Bug 29528 - Character encoding corruptions in the test set 'number'
Summary: Character encoding corruptions in the test set 'number'
Status: RESOLVED INVALID
Alias: None
Product: XPath / XQuery / XSLT
Classification: Unclassified
Component: XSLT 3.0 Test Suite (show other bugs)
Version: Working drafts
Hardware: PC All
: P2 normal
Target Milestone: ---
Assignee: Abel Braaksma
QA Contact: Mailing list for public feedback on specs from XSL and XML Query WGs
URL:
Whiteboard:
Keywords:
Depends on:
Blocks:
 
Reported: 2016-03-11 16:17 UTC by O'Neil Delpratt
Modified: 2016-10-20 14:35 UTC (History)
2 users (show)

See Also:


Attachments

Description O'Neil Delpratt 2016-03-11 16:17:46 UTC
We are hitting character encoding issues within the test suite in mercurial. Specifically in the test set 'number'. For example see the test case number-5075.

In some tools and environments the special characters are corrupted.

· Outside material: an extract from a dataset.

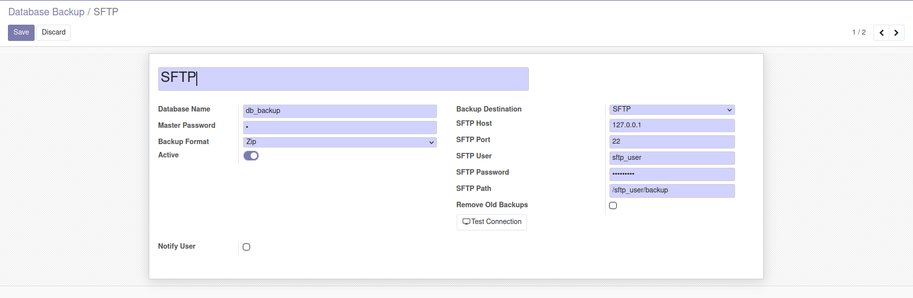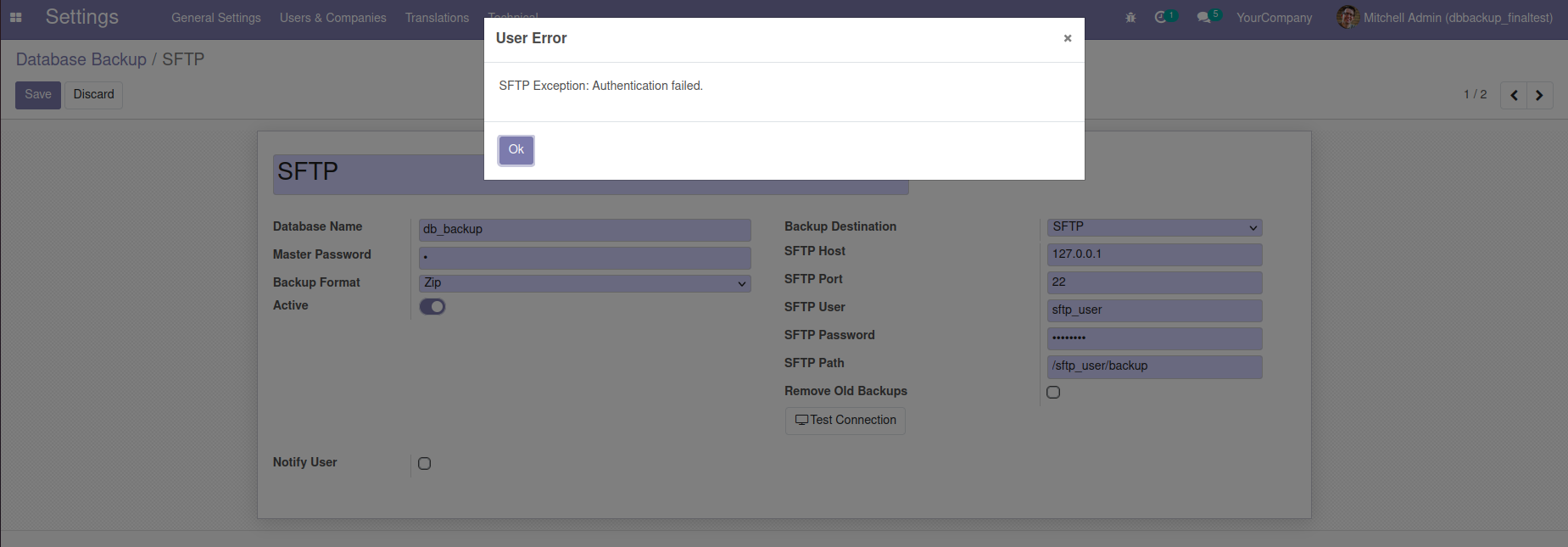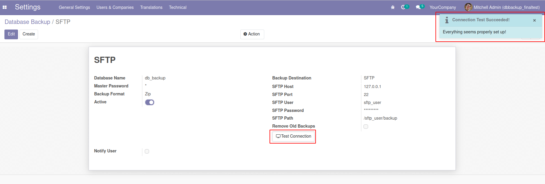 Select backup destination as SFTP, enter credentials. Test connection button to check whether the connection is successful.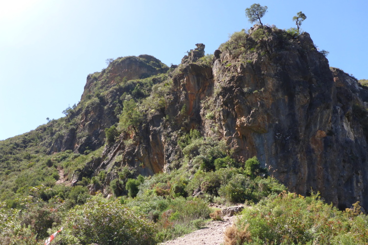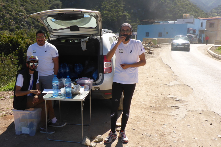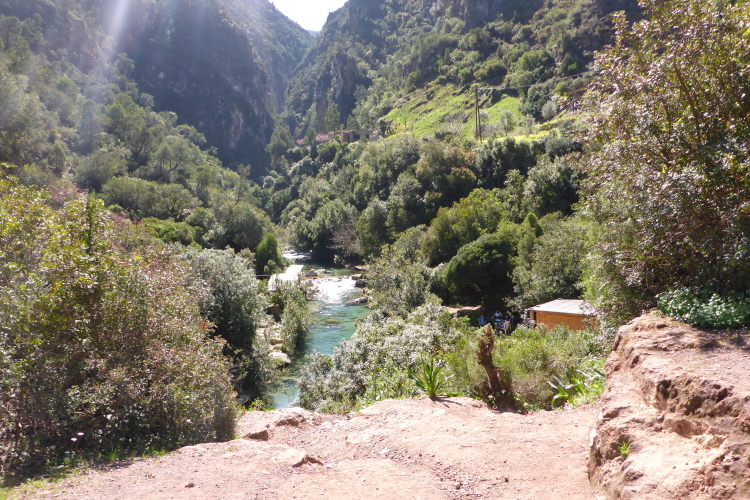Bei km 16 liegt unter mir Afeska und vor mir der nächste PC. Auch hier meine verzweifelte Frage nach meiner Eigenverpflegung. Alle schauen mich nur entgeistert an. Die Strecke wendet sich nach Norden, Richtung Sidi (heilige Quelle) Meftah. Hier ist ein Marabout, eine Begräbnisstelle eines Heiligen. Es geht aus dem Wald hinaus und in Serpentinen runter nach Imizzar am glasklaren Qued Farda. Hinter dem Fluss geht ein Weg unterhalb beeindruckender, überhängender Felsen entlang, steil hinab, man sieht den Grund der Schlucht nicht. Das Geröll ist sehr schwer zu laufen, ich muss seitlich gehen.

It maybe better to generate the characters using entity references to avoid these character encoding corruptions.
Comment 1 Abel Braaksma 2016-03-11 23:47:40 UTC
I am reluctant, there are many testsets that use non-ascii Unicode characters or even non-BMP Unicode characters. They don't seem to cause problems. So I'd rather try to find out why these particular tests are now causing trouble. Perhaps a simple BOM at the beginning of the file is missing and adding it will prevent Mercurial trying to treat it as ASCII and corrupt the file? Or we encode as UTF-16?
Comment 2 Abel Braaksma 2016-07-07 16:23:58 UTC
O'Neil, do you still have issues with this? Or was it resolved meanwhile?
Comment 3 Michael Kay 2016-10-19 19:13:09 UTC
Just to confirm, we are still having problems with this test-set - it is working in some environments and not others. We have yet to pin the issue down.
Comment 4 Michael Kay 2016-10-20 10:58:15 UTC
We have drilled more deeply into this problem and discovered that the difference between environments that work and those that don't is the choice of XML parser - Apache Xerces gets it right, the JDK parser (even in JDK 8) gets it wrong. It's unbelievable that the JDK parser is still buggy after so many years, but that seems to be the case.

We will once again raise a JDK bug on this, and once again remind ourselves and our users always to use the Apache parser in preference.

Meanwhile, closing this bug.
Comment 5 Michael Kay 2016-10-20 14:35:08 UTC
For my own future reference, we raised essentially the same problem as a JDK bug here

http://bugs.java.com/bugdatabase/view_bug.do?bug_id=8145969

and it has been reported by others here:

http://bugs.java.com/bugdatabase/view_bug.do?bug_id=8058175

and they claim it is fixed in JDK 9.